Once on an inter-island plane I sat across the aisle from one of my new colleagues, an unfriendly, over-serious young woman. She was twenty-four, twenty-five . . . we were all twenty-four, twenty-five. I didn’t know her much or like her. As the plane banked over the island, she pressed against the window, staring down at the landscape. I couldn’t see much of her face, just enough really to recognize an expression of pain.
Below us spread an endless manicured lawn, bright green and lush of sugarcane, the island’s main source of income. Each field planted carefully to control erosion. Until that year, Saint Kit’s precious volcanic soil had been bleeding into the sea; someone had resolved the problem. The crop was now being tilled in harmony with the roll and tuck of the land and the island had taken a step to reclaiming its future.

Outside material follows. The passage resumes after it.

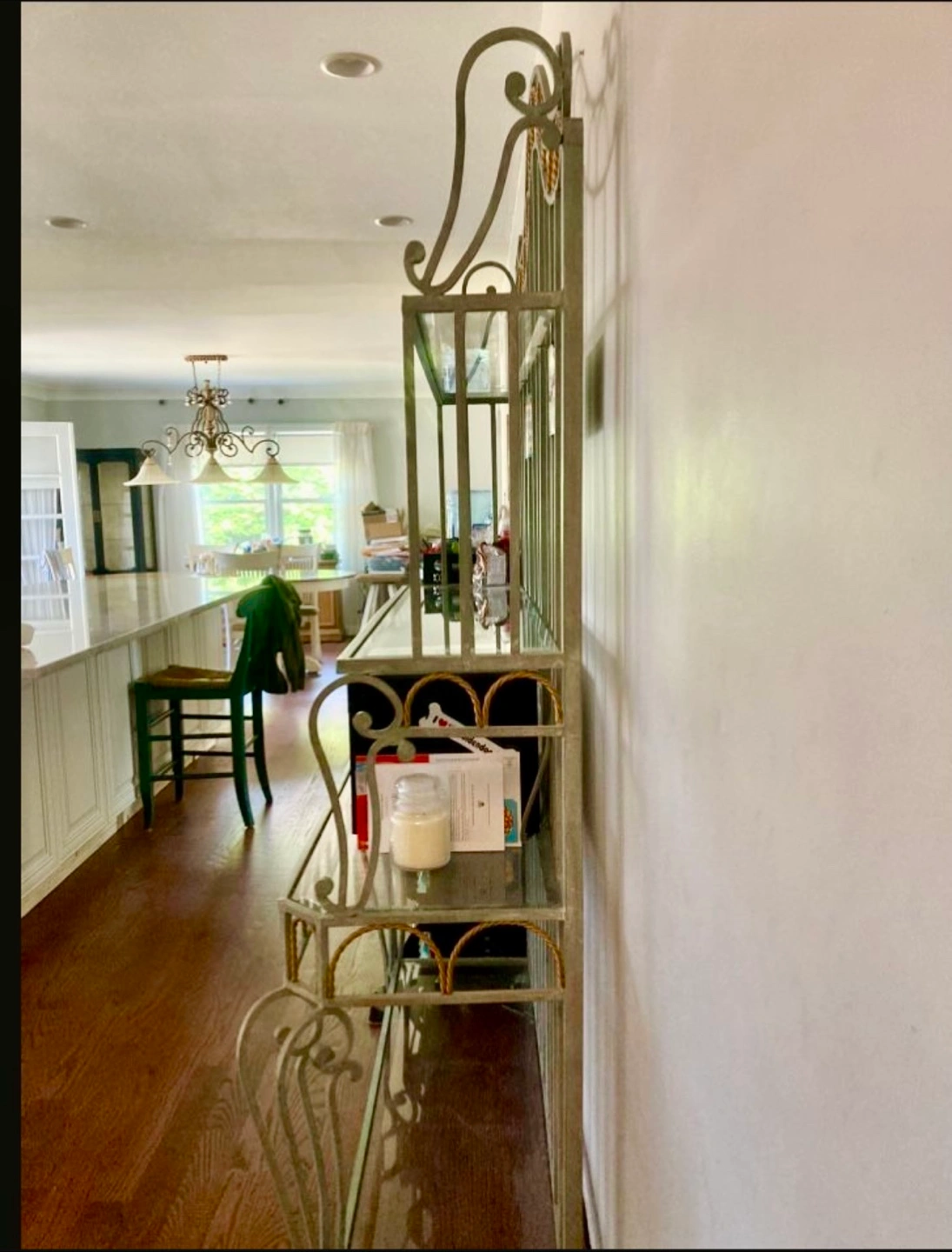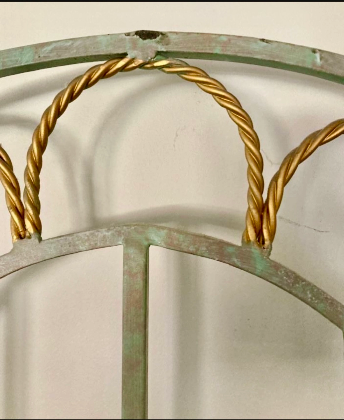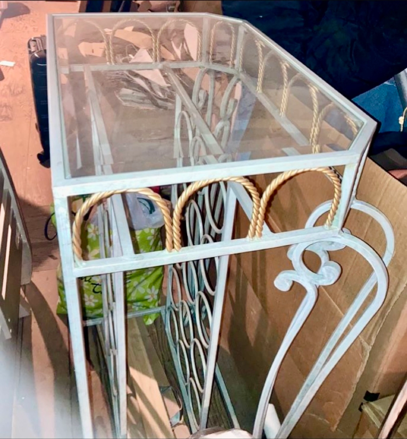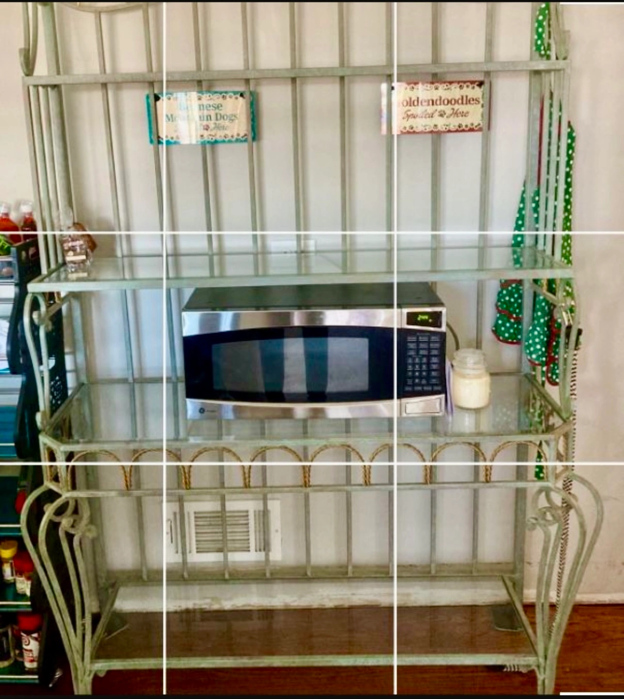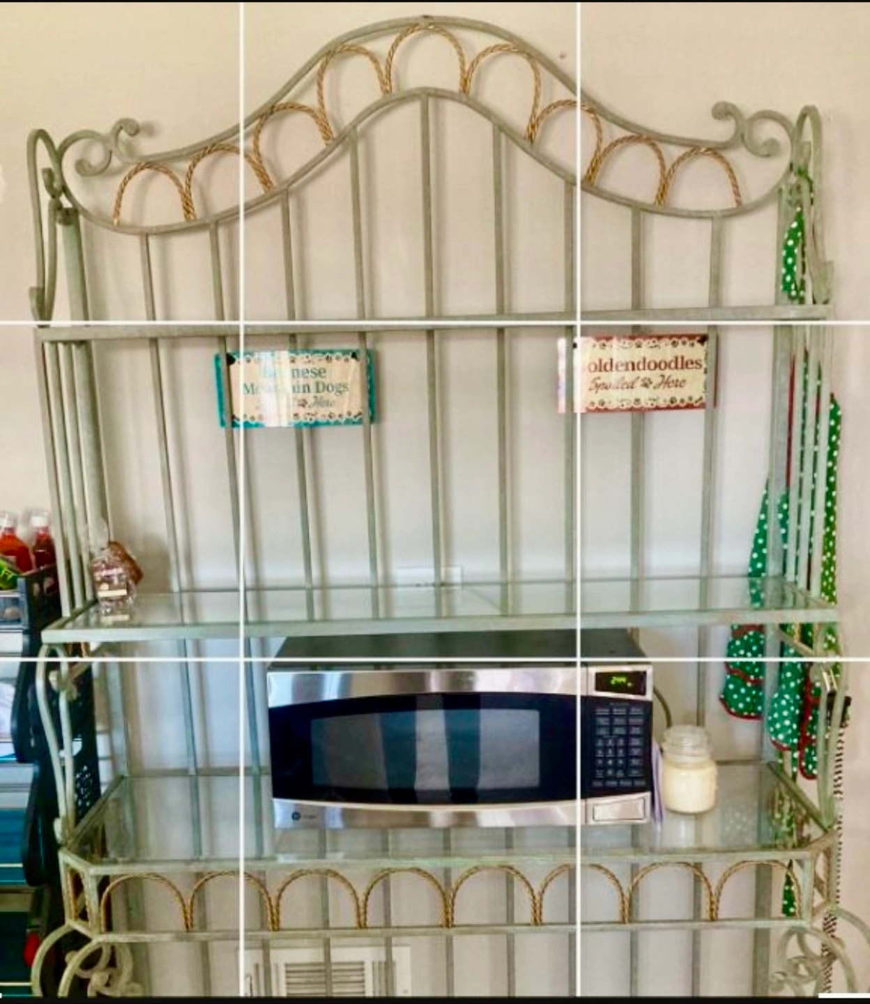 This is a versatile metal rack that can be used as a wine rack or a baker's rack. It has a light green color with gold accents. It has some signs of wear, but it's still in good condition and ready for a new home. Bakers Rack & Wine Rack, Elegant metal shelf. Use in Kitchen or any space needing a beautiful piece! Beautiful sage green with gold! Bakers Rake + Wine Rack with Glass tops. 15 bottles of wine! Approximate Dimensions for Bakers Rack: 49" wide x 85" height x 13" deep (with curve 18.5" deep) Top of Bakers Rack has a tiny chip in paint but just a little touchup will work. Approximate Dimensions for Wine Rack: 27.5" wide x 41" height x 16.5" deep Open to Offers!

The woman peered out her window until the island was lost on the blue horizon. And then she turned forward in her seat and wept until she had soaked the front of her blouse. “Good Lord,” I thought, “what’s with her?” I found out later from another Volunteer: Two years ago, having just arrived on the island, she had been assaulted as she walked to her home. Not content to rape her, a pair of men had beaten her so severely she was sent back to the States to be hospitalized. Recovering, she had made the choice to return. She believed she could be of use on Saint Kit so she went back to coordinate the team responsible for improving the way sugarcane was cultivated. The day I flew with her was the first time she had taken a look at her handiwork from the illuminating vantage of the air. The cane fields were beautiful, perfect: they were a triumph, they were courage, and they were love.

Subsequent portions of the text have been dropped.